Your objective:
Output the full listing below exactly, without the pictures.

Given entries:
* * * * * * *

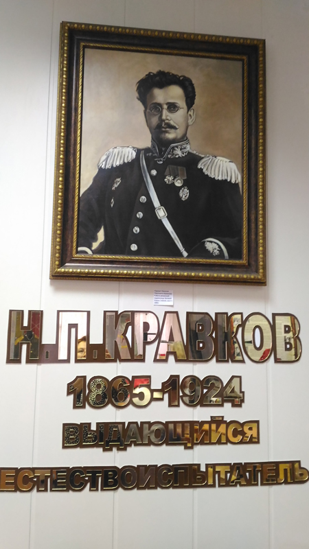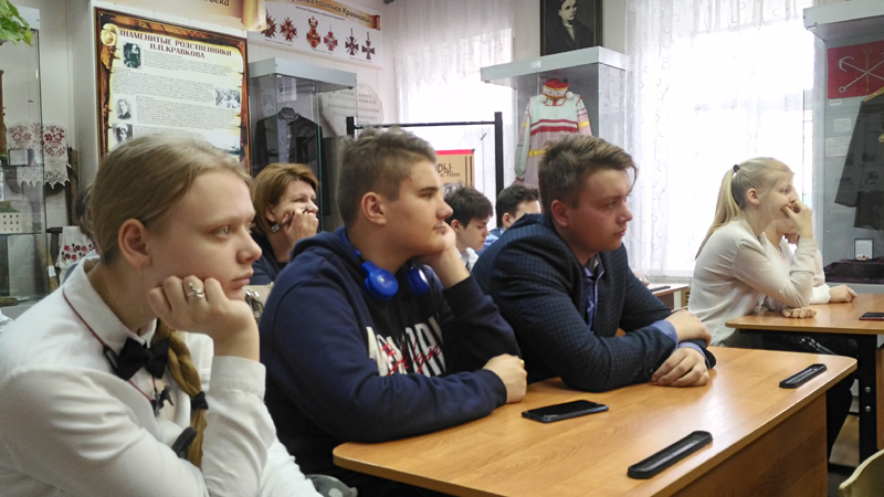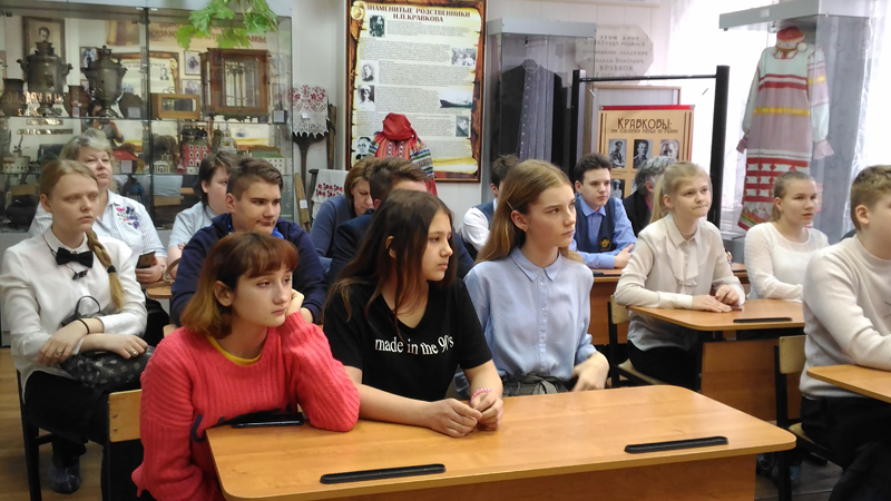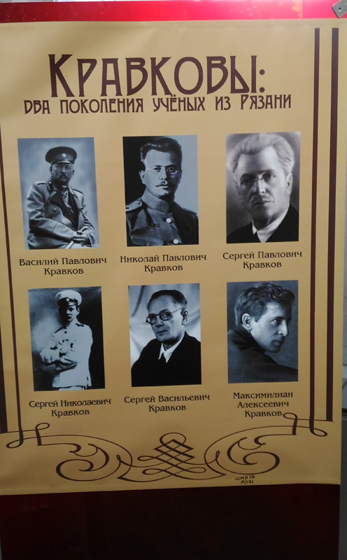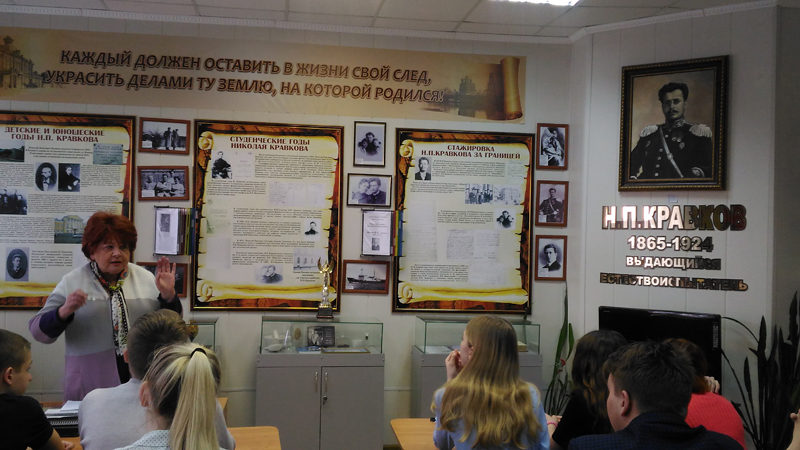 Создатель и руководитель музея Светлана Васильевна Березняговская рассказала об истории здания, в которое в 1850 году переселилась из Калуги семья Кравковых, а ныне располагается школа. В семье Павла Алексеевича и Авдотьи Ивановны родилось шесть мальчиков; по окончании 1-й мужской гимназии все они поступили в университеты, но трое умерли молодыми, а другие три брата приобрели мировую известность в науке.
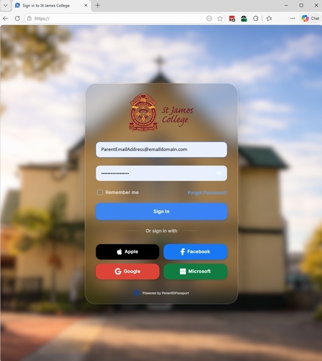 This new account login will also allow parents to login using one of the following identity providers: Google, Microsoft, Apple and Facebook, provided the email registered with the provider matches with the email you have previously provided to the College.
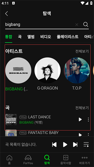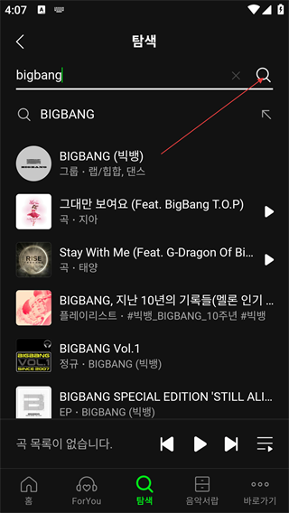 3、搜索【bigbang】后,可直接点击关联的【BIGBANG】歌手名或【그대만-보여요-(Feat.-BigBang-T.O.P)】歌曲播放。
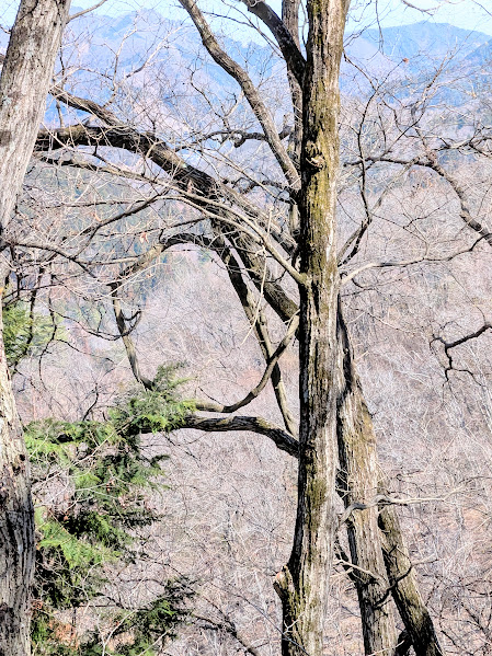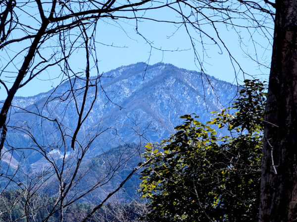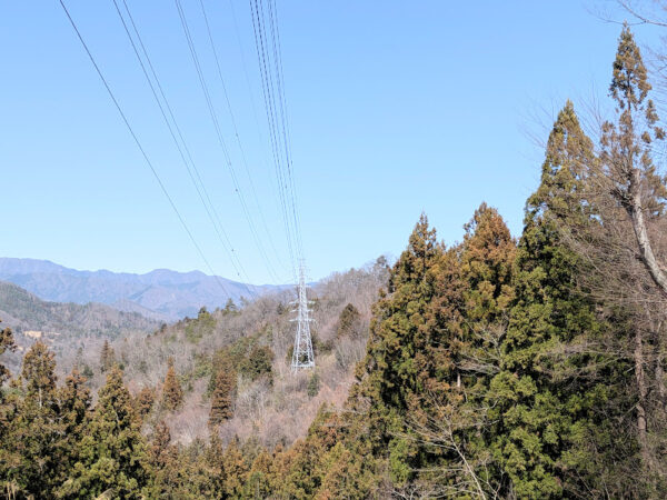 右手には木々の間から山々の稜線が透けて見えます。
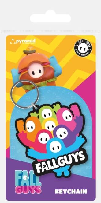 Stilski gumijasti obesek za ključe z licenciranim motivom FALL GUYS in kovinskim obročkom za enostavno pripenjanje. Lahek in trpežen dodatek za ključe, nahrbtnik ali denarnico.
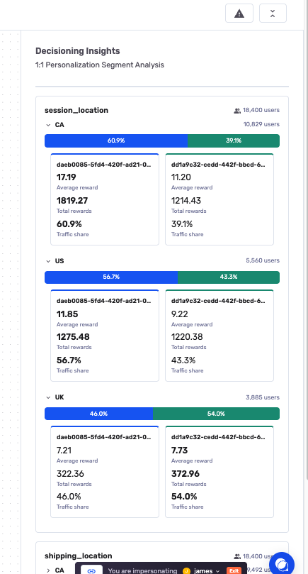 In this mode, the algorithm considers individual customer characteristics when deciding which variation to assign. Two customers with different profiles may be routed to different variations, even at the same point in time.
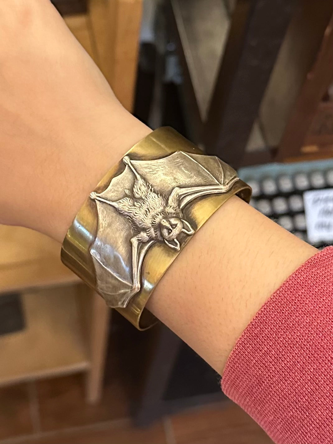 Please see all photos. This is the actual bat cuff that you will receive.
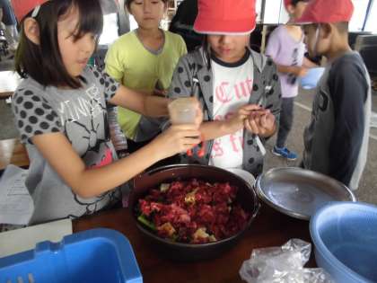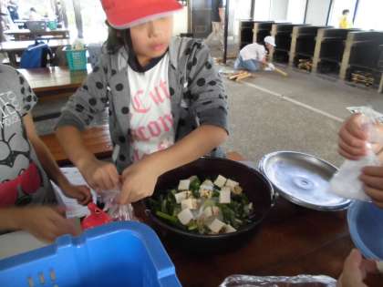 かまど係,食器係,材料係の連携もよく,学校で練習した甲斐もあってスムーズに進んでいます。
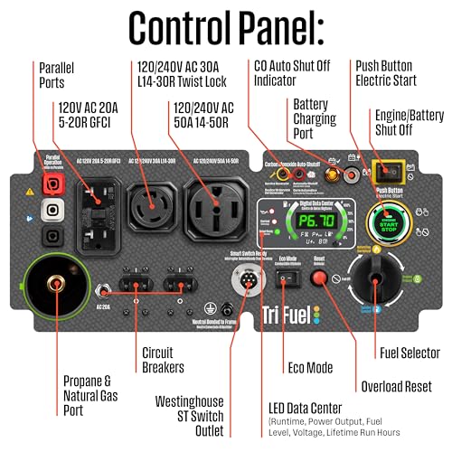 TRANSFER SWITCH OR INTERLOCK KIT READY: Features one 120/240V 14–50R 50A outlet for home or RV and one 120V/240 L14-30R 30A twist lock, both outlets are transfer switch or interlock kit ready for home backup; includes one GFCI 120V 5–20R 20A duplex household outlet; all have rubber covers
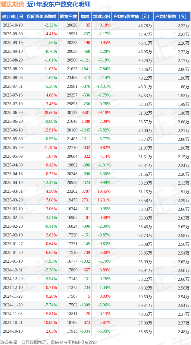 瑞达期货:截至股权登记日2025年10月10日公司股东总户数为20026户
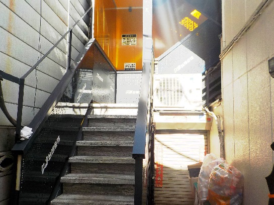 店の入口は、裏から階段を上がります。
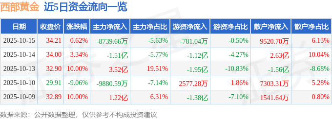 证券之星消息,截至2025年10月15日收盘,西部黄金(601069)报收于34.21元,上涨0.62%,换手率5.21%,成交量46.21万手,成交额15.52亿元。
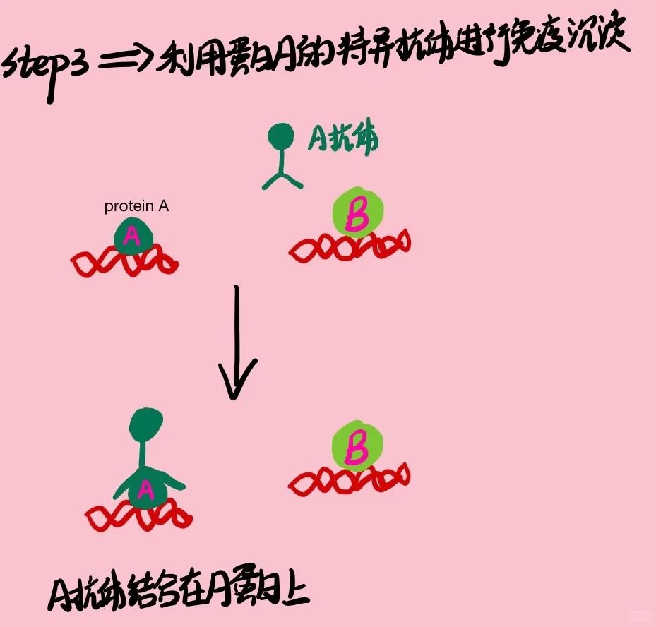 使用特定的抗體對感興趣的蛋白質(zhì)進行免疫共沉淀,將與蛋白質(zhì)結(jié)合的DNA片段一同沉淀下來。
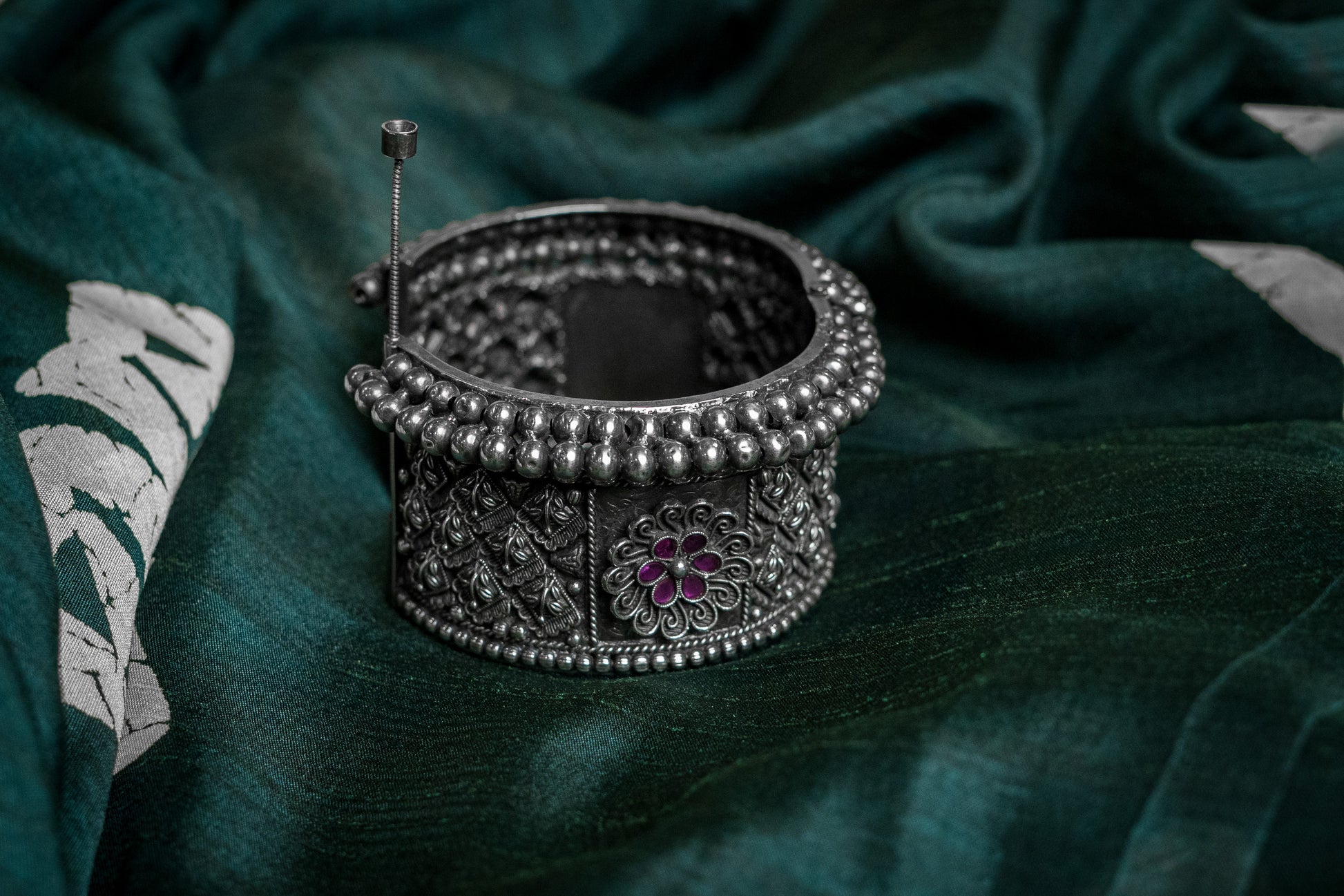 Oxidised kada with floral designs with screw opening. It can be worn single with kurtis and for a bolder appearance, layer and stack with another of the sorts.

* * * * * * *

Answer to the problem:
 Создатель и руководитель музея Светлана Васильевна Березняговская рассказала об истории здания, в которое в 1850 году переселилась из Калуги семья Кравковых, а ныне располагается школа. В семье Павла Алексеевича и Авдотьи Ивановны родилось шесть мальчиков; по окончании 1-й мужской гимназии все они поступили в университеты, но трое умерли молодыми, а другие три брата приобрели мировую известность в науке.
 This new account login will also allow parents to login using one of the following identity providers: Google, Microsoft, Apple and Facebook, provided the email registered with the provider matches with the email you have previously provided to the College.
 3、搜索【bigbang】后,可直接点击关联的【BIGBANG】歌手名或【그대만-보여요-(Feat.-BigBang-T.O.P)】歌曲播放。
 右手には木々の間から山々の稜線が透けて見えます。
 Stilski gumijasti obesek za ključe z licenciranim motivom FALL GUYS in kovinskim obročkom za enostavno pripenjanje. Lahek in trpežen dodatek za ključe, nahrbtnik ali denarnico.
 In this mode, the algorithm considers individual customer characteristics when deciding which variation to assign. Two customers with different profiles may be routed to different variations, even at the same point in time.
 Please see all photos. This is the actual bat cuff that you will receive.
 かまど係,食器係,材料係の連携もよく,学校で練習した甲斐もあってスムーズに進んでいます。
 TRANSFER SWITCH OR INTERLOCK KIT READY: Features one 120/240V 14–50R 50A outlet for home or RV and one 120V/240 L14-30R 30A twist lock, both outlets are transfer switch or interlock kit ready for home backup; includes one GFCI 120V 5–20R 20A duplex household outlet; all have rubber covers
 瑞达期货:截至股权登记日2025年10月10日公司股东总户数为20026户
 店の入口は、裏から階段を上がります。
 证券之星消息,截至2025年10月15日收盘,西部黄金(601069)报收于34.21元,上涨0.62%,换手率5.21%,成交量46.21万手,成交额15.52亿元。
 使用特定的抗體對感興趣的蛋白質(zhì)進行免疫共沉淀,將與蛋白質(zhì)結(jié)合的DNA片段一同沉淀下來。
 Oxidised kada with floral designs with screw opening. It can be worn single with kurtis and for a bolder appearance, layer and stack with another of the sorts.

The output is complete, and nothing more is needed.